In a vivid reminder of the need to secure data in the cloud, researchers at UpGuard recently came across more than 1.8 million Chicago voters’ personal information exposed online in a misconfigured Amazon S3 bucket belonging to voting machine company Election Systems & Software (ES&S). The publicly downloadable data, which was discovered on August 11 by UpGuard director of strategy Jon Hendren, included voters’ names, birthdates, addresses, phone numbers, driver’s license numbers and the last four digits of Social Security numbers. The data was put together by ES&S for the Chicago Board of Election Commissioners prior to the 2016 election. Since Chicago only had 1.5 million active voters in November 2016, the data appears to cover all of Chicago’s voters, both active and inactive. This is part of a larger trend — other recent breaches linked to misconfigured Amazon servers have exposed 14 million Verizon customers’ data, more than 3 million WWE fan’s personal information, 4 million Dow Jones customers’ personal data, over 60,000 sensitive Pentagon files, and approximately 48,000 Indian citizens’ personal data.

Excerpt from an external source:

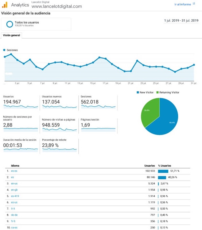 LancelotDigital.com sigue batiendo récords de visitas y consolidándose como el digital de Lanzarote de mayor crecimiento en los últimos años. El pasado mes de julio tuvo 562.018 visitas, con casi 19.000 visitas diarias de media, batiendo su propio récord mensual que se había establecido el pasado mes de enero con 561.657 visitas.
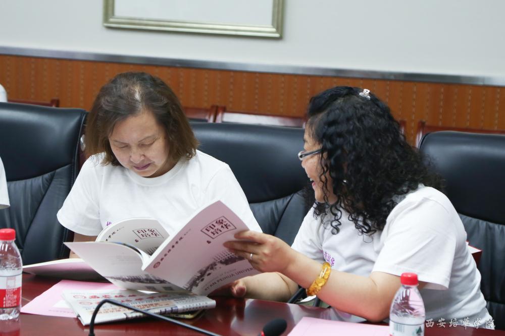 在明德楼第一会议室学姐们仔细的翻看母校的画册,感慨:“我们的培华简直太漂亮了”

“In the case of this breach, as well as others, this data was only exposed because the Amazon S3 bucket in question was configured to allow public access, permitting anyone accessing the repository’s URL to download its content,” UpGuard cyber resilience analyst Dan O’Sullivan noted in a blog post.
“AWS default settings are built to ensure that only authorized employees are able to access this data,” O’Sullivan added. “Should this access configuration be changed, the IT enterprise in question must have processes in place to ensure such exposures are caught and remediated.”
In a statement, ES&S said the data was secured the day after it was discovered, soon after UpGuard notified state and local officials. “ES&S also launched a full investigation, with the assistance of a third-party firm, to perform thorough forensic analyses of the AWS server,” the company added.